<<<<

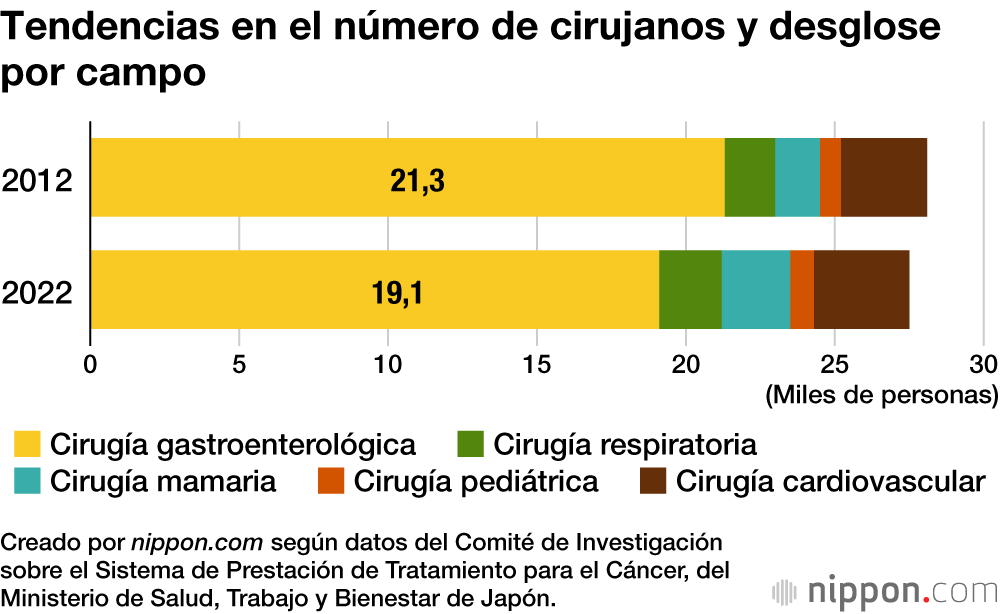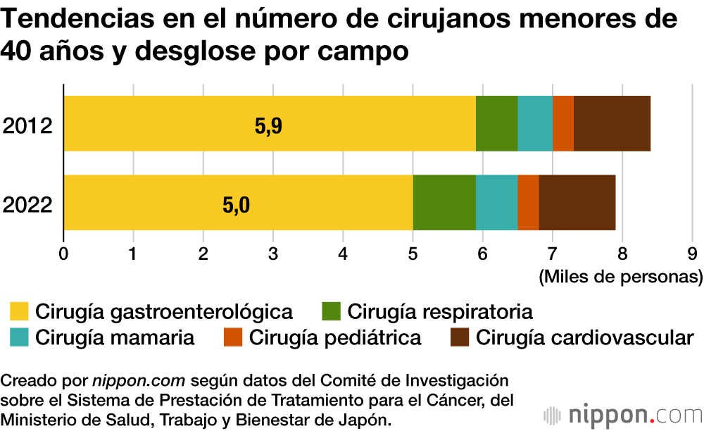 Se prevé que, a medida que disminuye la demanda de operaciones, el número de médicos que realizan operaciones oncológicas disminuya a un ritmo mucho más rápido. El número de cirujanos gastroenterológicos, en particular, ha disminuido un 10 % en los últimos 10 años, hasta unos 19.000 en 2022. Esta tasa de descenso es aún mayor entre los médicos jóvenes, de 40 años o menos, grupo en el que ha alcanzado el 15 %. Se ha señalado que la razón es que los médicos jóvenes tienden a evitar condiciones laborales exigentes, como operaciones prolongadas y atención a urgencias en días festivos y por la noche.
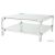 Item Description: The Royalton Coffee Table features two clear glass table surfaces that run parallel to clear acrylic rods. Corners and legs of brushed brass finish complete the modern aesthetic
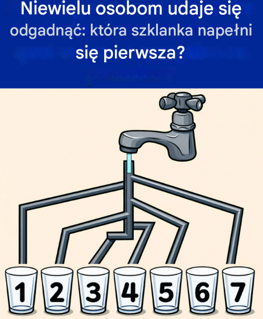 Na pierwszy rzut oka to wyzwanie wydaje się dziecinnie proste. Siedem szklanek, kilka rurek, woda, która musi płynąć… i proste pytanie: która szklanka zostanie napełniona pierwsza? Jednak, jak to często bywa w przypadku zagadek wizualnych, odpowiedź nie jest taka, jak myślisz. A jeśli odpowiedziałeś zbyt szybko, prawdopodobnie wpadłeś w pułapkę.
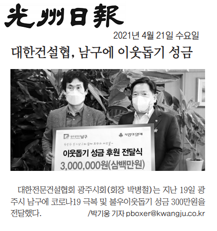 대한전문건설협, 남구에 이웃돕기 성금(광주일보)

>>>>

• [THE TASK] Please reproduce the listing exactly from its opening line through the line that contains "Item Description: The", both included, with all pictures omitted.

• [RESULT]
 Se prevé que, a medida que disminuye la demanda de operaciones, el número de médicos que realizan operaciones oncológicas disminuya a un ritmo mucho más rápido. El número de cirujanos gastroenterológicos, en particular, ha disminuido un 10 % en los últimos 10 años, hasta unos 19.000 en 2022. Esta tasa de descenso es aún mayor entre los médicos jóvenes, de 40 años o menos, grupo en el que ha alcanzado el 15 %. Se ha señalado que la razón es que los médicos jóvenes tienden a evitar condiciones laborales exigentes, como operaciones prolongadas y atención a urgencias en días festivos y por la noche.
 Item Description: The Royalton Coffee Table features two clear glass table surfaces that run parallel to clear acrylic rods. Corners and legs of brushed brass finish complete the modern aesthetic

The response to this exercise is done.